EXERCISE OBJECTIVE >> I would like the entries transcribed word for word, please, with the pictures removed.

(Beginning of GIVEN DATA)

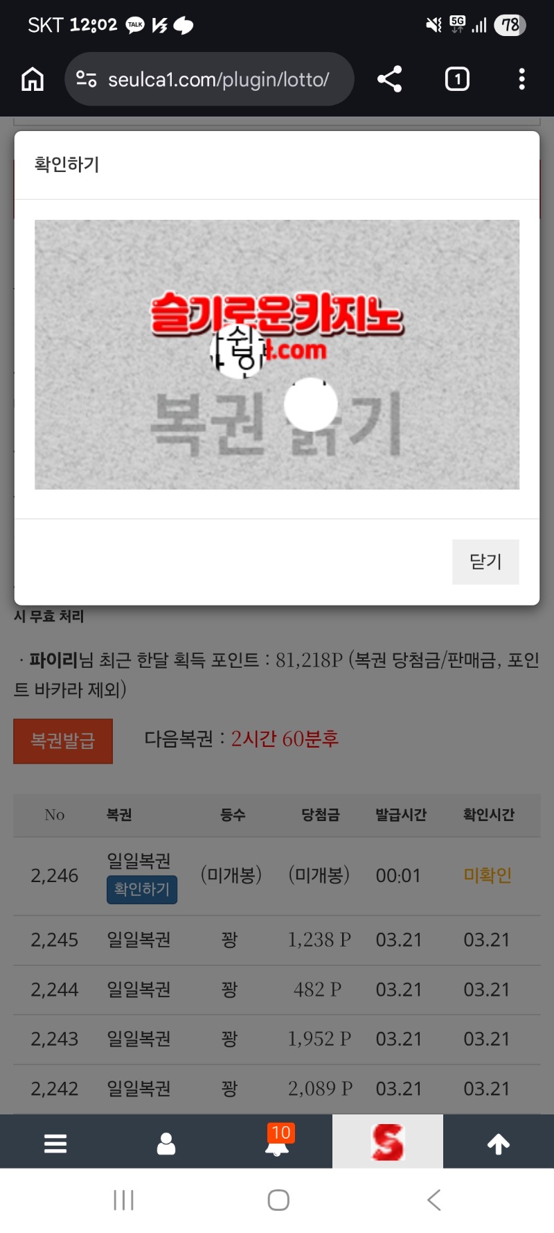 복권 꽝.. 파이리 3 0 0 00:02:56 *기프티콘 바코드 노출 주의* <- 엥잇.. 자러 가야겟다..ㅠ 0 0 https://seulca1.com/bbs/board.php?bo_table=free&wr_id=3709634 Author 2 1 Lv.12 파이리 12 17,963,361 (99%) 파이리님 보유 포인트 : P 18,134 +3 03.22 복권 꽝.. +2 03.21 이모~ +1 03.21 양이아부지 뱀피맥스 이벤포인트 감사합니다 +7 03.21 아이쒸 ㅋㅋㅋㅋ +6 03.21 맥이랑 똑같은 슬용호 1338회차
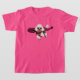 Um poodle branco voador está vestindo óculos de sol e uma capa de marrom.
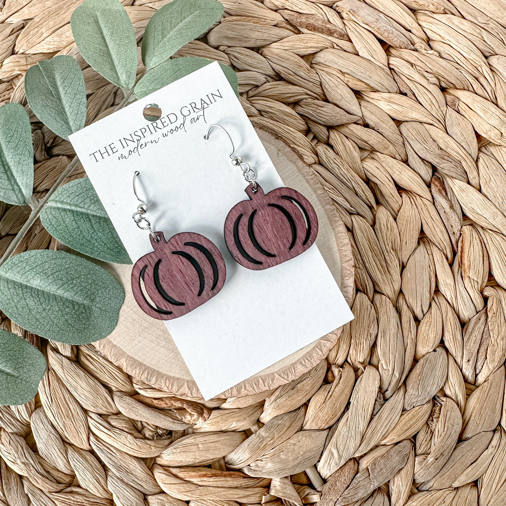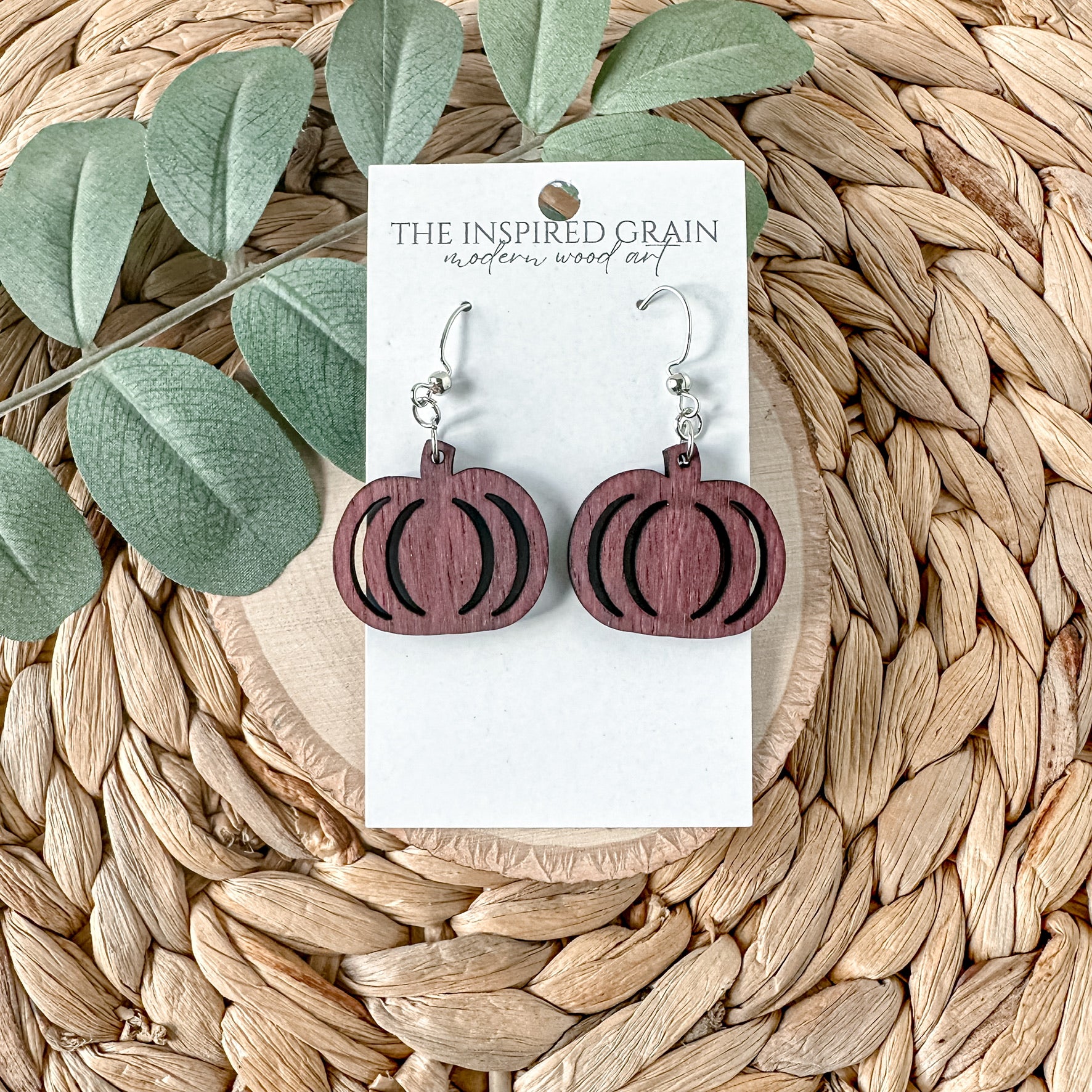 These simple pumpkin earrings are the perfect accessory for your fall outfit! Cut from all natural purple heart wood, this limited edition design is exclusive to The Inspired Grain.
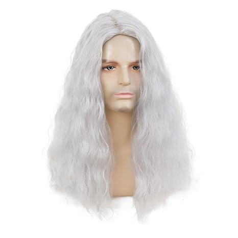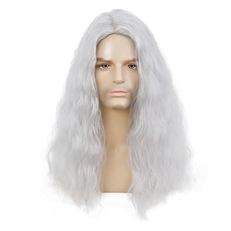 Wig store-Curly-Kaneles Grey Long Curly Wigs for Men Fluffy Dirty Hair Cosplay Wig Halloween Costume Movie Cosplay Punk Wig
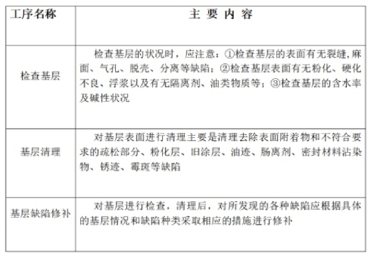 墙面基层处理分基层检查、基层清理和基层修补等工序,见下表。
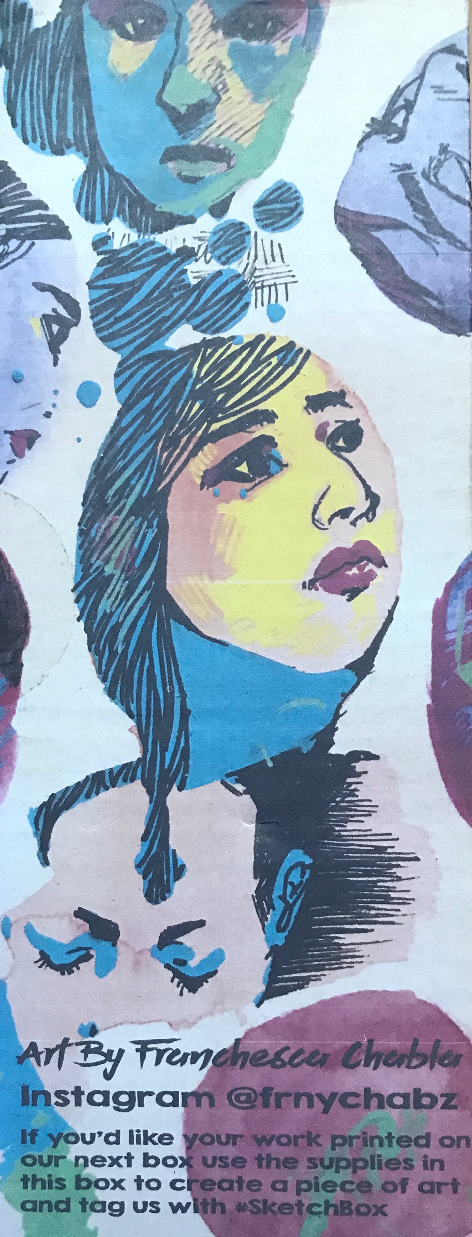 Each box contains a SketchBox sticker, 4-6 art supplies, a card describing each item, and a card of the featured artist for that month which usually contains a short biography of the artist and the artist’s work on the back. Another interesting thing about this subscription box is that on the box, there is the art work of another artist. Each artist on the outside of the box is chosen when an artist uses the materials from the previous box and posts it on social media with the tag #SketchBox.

(End of GIVEN DATA)

ANSWER TO THIS EXERCISE >>
 복권 꽝.. 파이리 3 0 0 00:02:56 *기프티콘 바코드 노출 주의* <- 엥잇.. 자러 가야겟다..ㅠ 0 0 https://seulca1.com/bbs/board.php?bo_table=free&wr_id=3709634 Author 2 1 Lv.12 파이리 12 17,963,361 (99%) 파이리님 보유 포인트 : P 18,134 +3 03.22 복권 꽝.. +2 03.21 이모~ +1 03.21 양이아부지 뱀피맥스 이벤포인트 감사합니다 +7 03.21 아이쒸 ㅋㅋㅋㅋ +6 03.21 맥이랑 똑같은 슬용호 1338회차
 Um poodle branco voador está vestindo óculos de sol e uma capa de marrom.
 These simple pumpkin earrings are the perfect accessory for your fall outfit! Cut from all natural purple heart wood, this limited edition design is exclusive to The Inspired Grain.
 Wig store-Curly-Kaneles Grey Long Curly Wigs for Men Fluffy Dirty Hair Cosplay Wig Halloween Costume Movie Cosplay Punk Wig
 墙面基层处理分基层检查、基层清理和基层修补等工序,见下表。
 Each box contains a SketchBox sticker, 4-6 art supplies, a card describing each item, and a card of the featured artist for that month which usually contains a short biography of the artist and the artist’s work on the back. Another interesting thing about this subscription box is that on the box, there is the art work of another artist. Each artist on the outside of the box is chosen when an artist uses the materials from the previous box and posts it on social media with the tag #SketchBox.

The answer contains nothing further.